Our economy is said to be experiencing a deepening form of so-called “K-shaped growth,” in which structural imbalances widen the gap between the two extremes. Given that the use of “K (Republic of Korea)” has generally carried positive connotations, this feels somewhat jarring. Yet it seems clear that a kind of fiscal polarization resembling the gaping “crocodile’s mouth”—with falling state revenues and rising expenditures—is occurring even in a so-called “growth” phase.
I fully agree that our limited public finances should be invested in future industries to build national wealth. But if you look closely, you can see Lee Jae-myung–style cash handout policies quietly embedded within. Newly introduced or expanded welfare expenditures such as the Rural Basic Income (234.1 billion won for pilot projects in 10 counties) and the expansion of the Child Allowance (up to 130,000 won per month) fall into this category. Such cash-based welfare is highly addictive; once people get a taste, it is hard to roll back. The sweet taste of last year’s 13 trillion won worth of Consumption Coupon (Livelihood Recovery Subsidy) has already faded from memory after just a few months. On top of this, there is the Basic Pension, which distributes 23 trillion won to 70% of seniors; the four major public pension schemes—NPS, Public Officials Pension, Teachers' Pension, and others—whose spending is growing by more than 8% annually and is expected to approach 100 trillion won this year; and the National Health Insurance, which has fallen into deficit. All of these are mandatory expenditures.

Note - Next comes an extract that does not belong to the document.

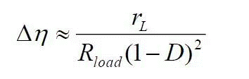 在大負(fù)載情況下,電感的串聯(lián)電阻會極大地影響轉(zhuǎn)換效率,假設(shè)電感的電阻為rL,負(fù)載電阻為Rload,那么在電感的功率損耗大致如下式計算:
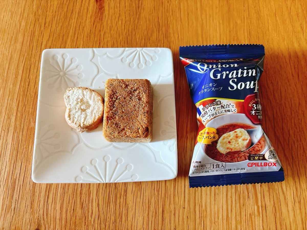 【コストコ ピルボックス オニオングラタンスープ】個包装の中にはフリーズドライのスープとフランスパンが入っています

At times it feels like an unavoidable trend in a super-aged South Korea, yet one cannot help but question whether the current working generation, politicians, and policymakers have truly done enough. The longer reforms are delayed, the higher the costs that current and future generations will have to bear. In its second year, the Lee administration should make this year not the “first year of a great leap in the economy,” but the “first year of reform.” It must move to dismantle anti-market regulations, restructure industries, and tackle the reform of the four major public pension schemes and the Four Major Social Insurance Programs. Otherwise, in 2031, the next administration’s president will likely inherit 2,000 trillion won in national debt and once again proclaim a “first year of a great leap in the economy.”